Things like carrots, dill, parsley, and parsnip will attract praying mantises, ladybugs, and spiders. These predator species of insects feast on the bugs who like to ruin your tomatoes, so it’s a win-win for the tomatoes (and you)!
This is also why it’s a great idea to interplant flowers with your vegetable plants–particularly marigolds and nasturtiums.
These flowers will attract and feed beneficial pollinator insects, which will increase the fruit-set of many squashes, peas, cucumbers, tomatoes, and other veggies. Nasturtiums are edible flowers and look lovely in salads, and their nutritious root, called mashua, used to be a staple crop in South American regions.

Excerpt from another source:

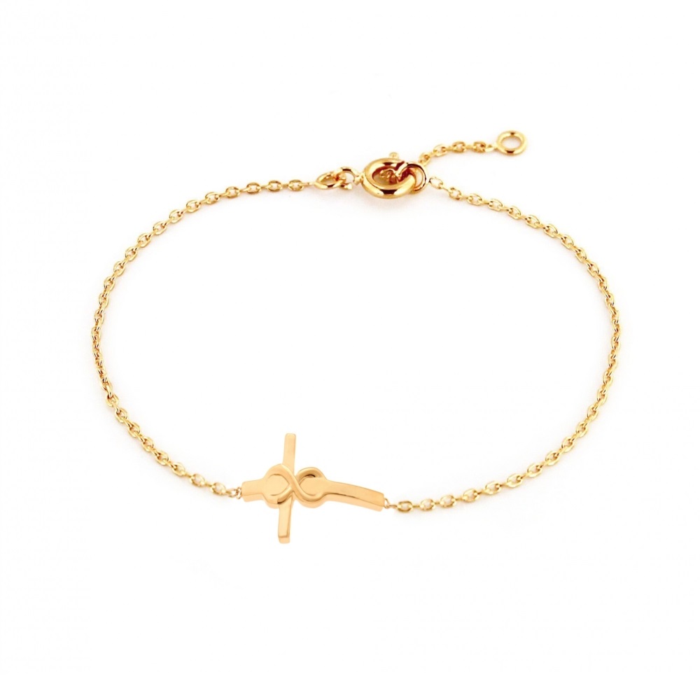 Bracelet avec croix et infini au centre en plaqué or.

Finally, some plants simply don’t get along, and won’t do well when they’re forced to share root space. Peppers and beans don’t like being next to each other, nor do potatoes and tomatoes (both members of the nightshade family).
Peas prefer being far away from onions, and lettuces do not like to be near broccoli plants.
There are several books that provide lists of plants that grow well together as garden friends.
These are the two books I have on my own shelf:
Carrots Love Tomatoes: Secrets of Companion Planting for Successful Gardening, by Louise Riotte
Great Garden Companions: A Companion-Planting System for a Beautiful, Chemical-Free Vegetable Garden, by Sally Jean Cunningham
Companion planting is not new, and is mentioned in the Old Farmer’s Almanac.
The native Americans used companion planting when they planted the ‘three sisters’ together: beans, corn, and squash.
Corn grows tall, providing something for the climbing bean plants to cling to as they grow, and both provide shade for the sprawling, tender squash, whose large leaves often scorch in direct sunlight. Additonally, the beans fix nitrogen in the soil, which benefits all three sister plants.
Are you using companion planting in your own garden?